Eu tropecei em Georgette Heyer durante um tempo de ouro da minha vida após a formatura da faculdade quando tive três preciosos meses livres antes de começar a escola novamente. Estourando com energia jovem, eu não sabia o que fazer com o meu tempo. E então eu bati nos livros, mas desta vez por prazer. Naqueles dias, eu poderia devorar um livro por dia, se eu fosse tão inclinado, e eu acelerei Jane Eyre. Morro dos Ventos Uivantes. Tess of the d'Urbervilles. Rebecca. Pai e filhos, por Ivan Turgenev, um dos meus autores favoritos e Orgulho e Preconceito (pela segunda vez na minha vida). Esse último romance com sua inteligência cintilante e visão clara da vida da aldeia parecia um sopro de ar fresco após as emoções aumentadas dos autores vitorianos.

Para mim, o Sr. Bennet era a imagem do meu pai, cujas declarações irregulares sempre me fizeram parar antes que eu pudesse descobrir se ele estava fazendo o esporte de mim, ou algum outro alvo inconsciente. A Sra. Bennet me lembrou das minhas avós holandesas loucas - ambas as quais eram ligeiramente histéricas e muito exigentes. Eu leio Orgulho e Preconceito Duas vezes esse verão (e começou uma tradição de lê-lo a cada verão para os próximos vinte anos). Grandedy, eu alcancei mais romances de Jane Austen até que não havia nenhum restante. Eu fiquei contra a doença que carregava Jane antes que ela pudesse produzir romances suficientes para aliviar meu vício. Onde virar? A biblioteca, claro. Eu olhei para os romances de regência e encontrei ... Clare Darcy? Ok, pensei. Vou tentar a ela e pegou uma cópia de Victoire, uma escolha mais lógica, dado meu nome dado e ler o livro em uma longa sentada.

Como afirmar bem: Clare Darcy é Jane Austen o que uma vela de pulverização é para o sol no meio-dia. Minha missão não terminou. Meu apartamento Roommie, também um Janeite, descobriu o Flashman Novels por George Macdonald Fraser. Ela amavam eles. Mas brotando pouco feminista eu queria livros escritos por fêmeas humorísticas, não um homem sem interesse nos dados sobre as famílias da cidade pequena e seus rituais de namoro, e clero bobo, e heroínas fortes que puderam aprender uma coisa ou duas. E então continuei minha busca.

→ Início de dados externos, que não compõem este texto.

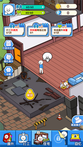 1、操控小蓝进行打工,游戏里还有很多的工作玩家们可以选择;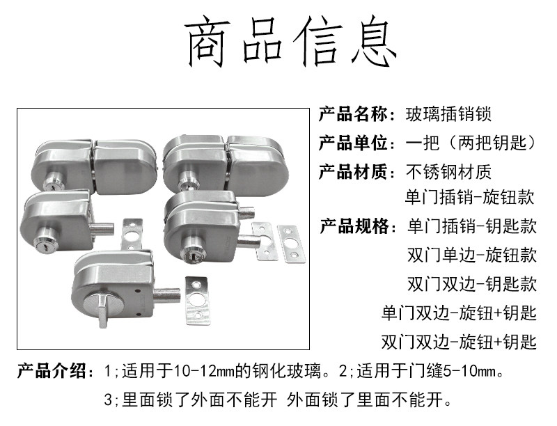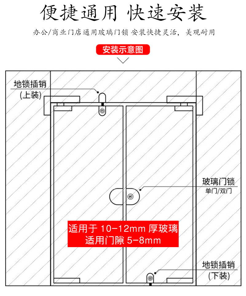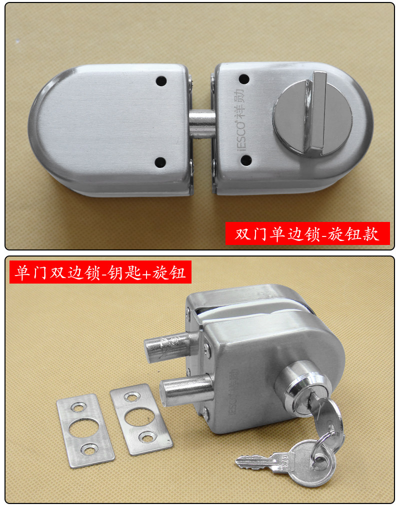 Iesco Hole-Free Glass Door Lock Single Door Double Door Glass Door Lock Latch Lock Central Door Lock Ground Latch Door Lock

Um dia eu encontrei um romance de Barbara Cartland. Jogando de lado seu livro de queijo sobre uma heroína de 16 anos com um rosto em forma de coração, eu me perguntei se consegui cobrar por desperdiçar minha preciosa vida. Eu continuei minha busca. E lá estava. Na prateleira inferior na biblioteca. Arabella.. Foi uma desculpa patética de um livro - orelhudo, manchado e rasgado parcialmente na espinha. Eu li a capa - Arabella. por Georgette Heyer - então sentou no chão e começou a ler. Palavras espirituosas saltaram das páginas. Eu ri de prazer. Em pouco tempo, verifiquei o livro e prossegui para lê-lo em uma longa sentada. Meu quarto de quarto, que tinha começado seu novo emprego duas semanas depois da faculdade, chegou em casa do trabalho para me encontrar envolvido. "Eu encontrei um novo autor", eu disse, dizendo que ela poderia ler o livro quando terminei. Eu dei para ela naquela noite.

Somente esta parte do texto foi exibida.